University isn’t all that it’s cracked up to be - Russell Coleman
Scottish industry is crying out for recruits who can be taught engineering and technical skills which will add value to their businesses. University is not for everyone and for many a Modern Apprenticeship could be an alternative route to a rewarding career. The UK is way behind Germany where half of their school-leavers go into vocational training. It is no surprise that Germany is considered Europe’s engineering powerhouse given it’s strong apprenticeship programme.
This seems to be a peculiar attitude problem in the UK whereby technical training is considered inferior to a university degree course.

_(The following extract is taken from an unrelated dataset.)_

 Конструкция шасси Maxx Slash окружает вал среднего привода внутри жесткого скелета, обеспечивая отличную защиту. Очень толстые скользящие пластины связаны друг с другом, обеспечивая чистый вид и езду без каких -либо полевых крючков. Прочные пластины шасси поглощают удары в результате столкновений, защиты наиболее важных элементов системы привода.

However, last year the prime minister said that apprenticeships were central to the government’s Plan for Jobs with over 90 per cent of apprentices remaining in employment or going onto further training after completing their apprenticeships. The current Prime Minister has also criticised the number of “low value” degrees at universities which do not offer the prospect of a decent job or good earnings after graduation.

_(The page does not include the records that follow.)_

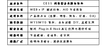 CESS消費(fèi)型服務(wù)軟件具有經(jīng)濟(jì)實(shí)惠、選擇多樣、簡(jiǎn)單快捷、配套自選、綠能環(huán)通路廣泛等特點(diǎn),采用Web+IP的潮流科技,AIO節(jié)省投資,使軟件經(jīng)濟(jì)實(shí)惠;CESS軟件產(chǎn)品線齊全,涵蓋客服、銷售、財(cái)務(wù)、行政、OA等很多方面,給您多樣選擇;WYSIWYG(所見(jiàn)即所得)導(dǎo)向,業(yè)務(wù)流程DIY,讓您至需要?jiǎng)觿?dòng)鼠標(biāo)就可以DIY您想要得到的設(shè)計(jì),不再需要麻煩IT人員,只管實(shí)用,簡(jiǎn)單快捷;輕松Plug-in & Hook其它應(yīng)用與通信環(huán)境,可根據(jù)您的需要配套自選;節(jié)能減碳、省話費(fèi)、省空間,綠色環(huán)保;經(jīng)銷體系健全、提供優(yōu)質(zhì)服務(wù),通路廣泛。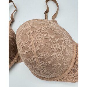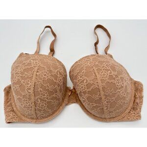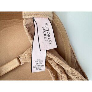 Victoria's Secret Demi Bra Taupe Beige Underwire Floral Lace Overlay Size 36DD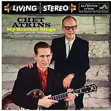 In 1958, Atkins decided to record an album with his brother Jim, once a vocalist in the Les Paul Trio and for Fred Waring and His Pennsylvanians. The album was recorded July 24 and August 29, 1958 in Nashville and was to be called My Brother Sings. It was completed, printed and pressed before being pulled from distribution for unknown reasons. All copies of the album were to be destroyed. Four of the instrumentals that were recorded appeared on the Atkins' 1959 album Mister Guitar. Five of Jim Atkins' vocal tracks were released on The Guitar Genius on the budget label Camden in 1963. Rare copies of the original album were discovered in the hands of collectors. The backing band was credited as The Rhythm Rockers, which consisted of session musicians Bob Moore, Floyd Cramer and Buddy Harman. In 1963, five of the Jim Atkins vocal tracks were issued along with five instrumentals by Chet. In 2015, My Brother Sings was released by Sundazed Records after the location of the original tapes and remastering.[2]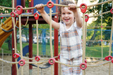 Little cute girl with curly hair playing on the children's playground in public park on a warm summer day, entertainment and recreation for children

Apprenticeships are not a new idea….they go back to the 12th century, flourished in the 14th century and during the industrial revolution. Act of Parliament in 1964 established the UK’s apprenticeship programme and things have evolved since then until we get to today’s Modern Apprenticeship framework. In the olden days, most apprentices had to pay their masters in return for training, thankfully things have changed and now an apprenticeship offers a valuable route to a well paid job and fulfilling career.
Today’s Modern Apprenticeships are a great way for school leavers to get their foot on the first rung of the career ladder. They get paid while they learn, receive structured on the job training and study for a recognised industry qualification. Recruits gain the skills and knowledge employers are desperate for. Research by the National Apprenticeship Service (NAS) has found that over 80 per cent of companies who employ apprentices believe they make their workplace more productive, and a further 88 per cent of employers believe that apprenticeships lead to a more motivated and satisfied workforce.

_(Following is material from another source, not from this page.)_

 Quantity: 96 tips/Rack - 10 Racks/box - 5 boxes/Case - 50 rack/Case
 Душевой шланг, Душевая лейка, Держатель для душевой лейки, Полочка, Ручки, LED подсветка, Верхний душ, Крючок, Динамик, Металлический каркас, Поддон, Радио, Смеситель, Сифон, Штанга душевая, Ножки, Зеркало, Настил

A university degree is often quoted as improving earning potential, but is highly dependent on choice of degree, and apprenticeships have a much higher success rate on earning potential. Statistics from NAS show that those who have completed an apprenticeship will on the whole earn more over their working life than those who do not. This could be as much as £100,000 more over the course of their career.
There is much confusion and misinformation about what Modern Apprenticeships are. A YouGov poll in 2016 found that 26 per cent of parents surveyed felt their child was “too smart” for an apprenticeship. I would argue the smart money is on those young people opting for an apprenticeship. Countries such as Germany, Austria and Switzerland hold apprenticeships in high esteem… maybe it’s time Scotland did the same?